Task to complete –
Copy out exactly the stretch below, from the line with "Con el 96 por" through the line with "zlaté Čtverec malý", both included; the pictures stay out.

----------

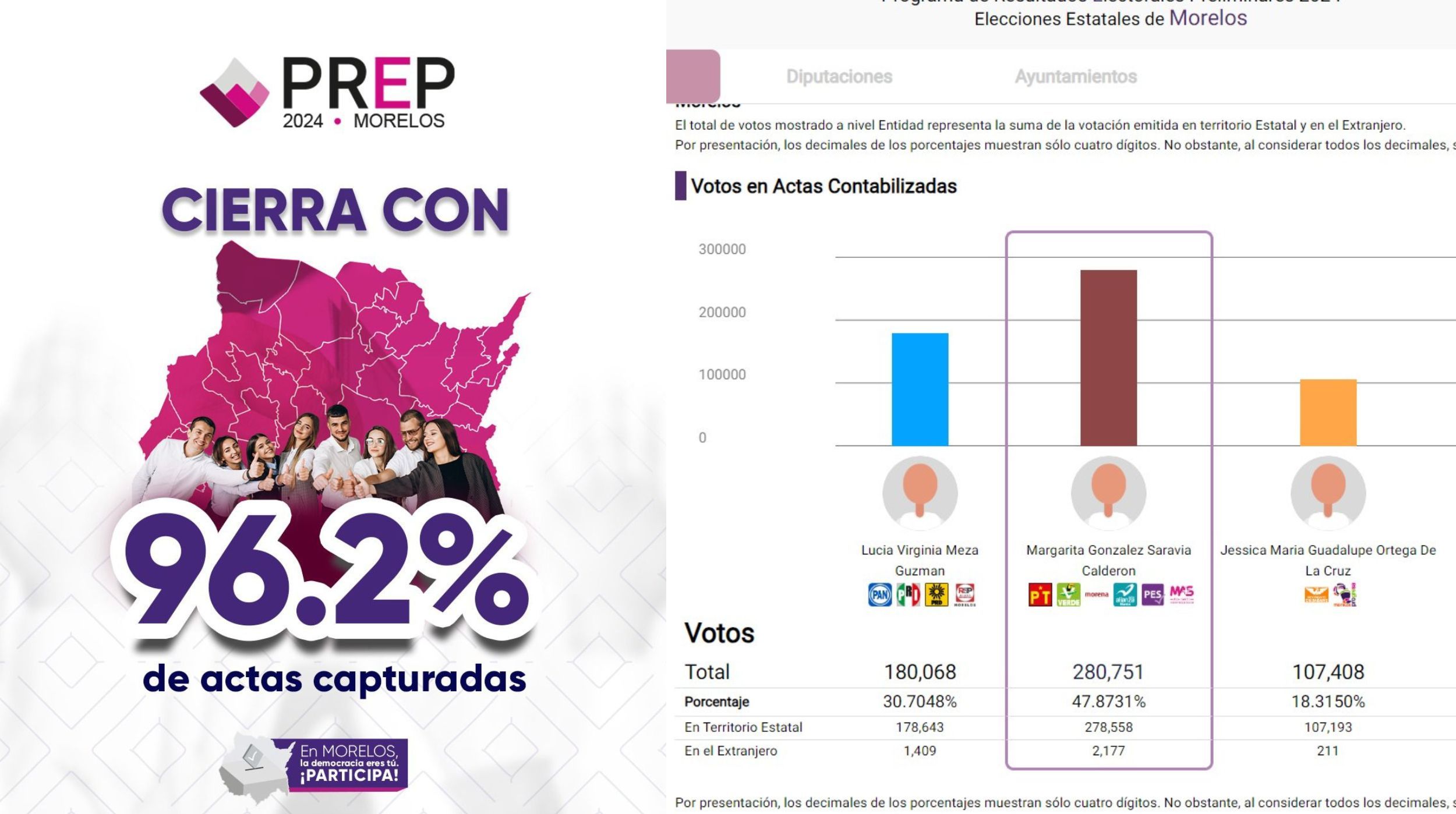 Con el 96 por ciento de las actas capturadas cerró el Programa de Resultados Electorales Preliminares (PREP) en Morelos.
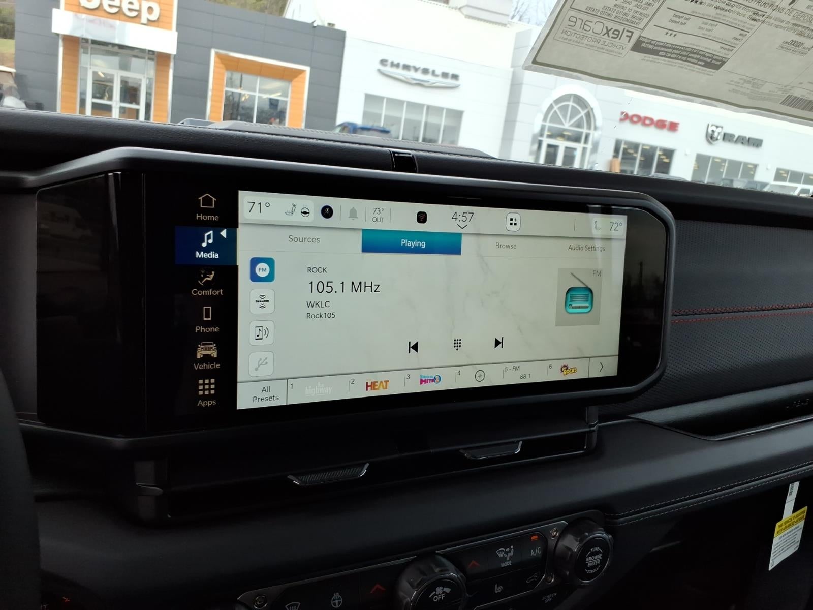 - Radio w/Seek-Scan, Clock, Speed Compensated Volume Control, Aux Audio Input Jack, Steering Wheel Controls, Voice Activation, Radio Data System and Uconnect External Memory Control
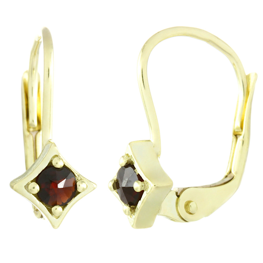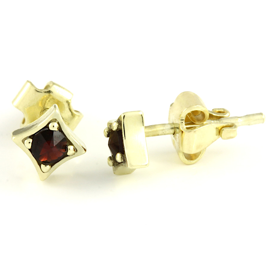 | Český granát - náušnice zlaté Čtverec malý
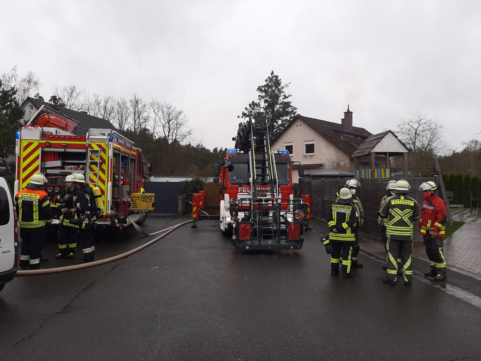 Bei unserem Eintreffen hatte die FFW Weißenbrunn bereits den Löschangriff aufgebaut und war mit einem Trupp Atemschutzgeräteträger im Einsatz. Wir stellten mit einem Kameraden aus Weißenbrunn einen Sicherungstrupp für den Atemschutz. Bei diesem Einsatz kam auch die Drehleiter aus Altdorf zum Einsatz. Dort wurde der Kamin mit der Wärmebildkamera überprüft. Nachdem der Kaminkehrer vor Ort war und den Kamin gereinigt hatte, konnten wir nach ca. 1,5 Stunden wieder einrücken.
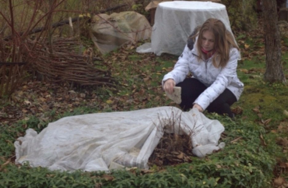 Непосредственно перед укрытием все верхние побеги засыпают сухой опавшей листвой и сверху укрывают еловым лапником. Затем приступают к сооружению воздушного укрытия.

----------

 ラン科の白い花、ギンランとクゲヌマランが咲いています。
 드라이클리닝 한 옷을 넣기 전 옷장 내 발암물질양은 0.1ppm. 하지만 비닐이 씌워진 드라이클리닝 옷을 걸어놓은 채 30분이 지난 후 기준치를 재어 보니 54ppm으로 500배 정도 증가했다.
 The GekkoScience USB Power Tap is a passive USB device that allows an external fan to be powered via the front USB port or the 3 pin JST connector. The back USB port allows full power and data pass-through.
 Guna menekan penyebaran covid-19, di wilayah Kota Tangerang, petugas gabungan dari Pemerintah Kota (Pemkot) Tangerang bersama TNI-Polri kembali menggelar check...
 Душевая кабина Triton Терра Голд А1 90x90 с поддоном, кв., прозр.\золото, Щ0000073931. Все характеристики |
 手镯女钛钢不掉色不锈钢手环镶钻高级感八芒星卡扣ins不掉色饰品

----------

Task answer –
 Con el 96 por ciento de las actas capturadas cerró el Programa de Resultados Electorales Preliminares (PREP) en Morelos.
 - Radio w/Seek-Scan, Clock, Speed Compensated Volume Control, Aux Audio Input Jack, Steering Wheel Controls, Voice Activation, Radio Data System and Uconnect External Memory Control
 | Český granát - náušnice zlaté Čtverec malý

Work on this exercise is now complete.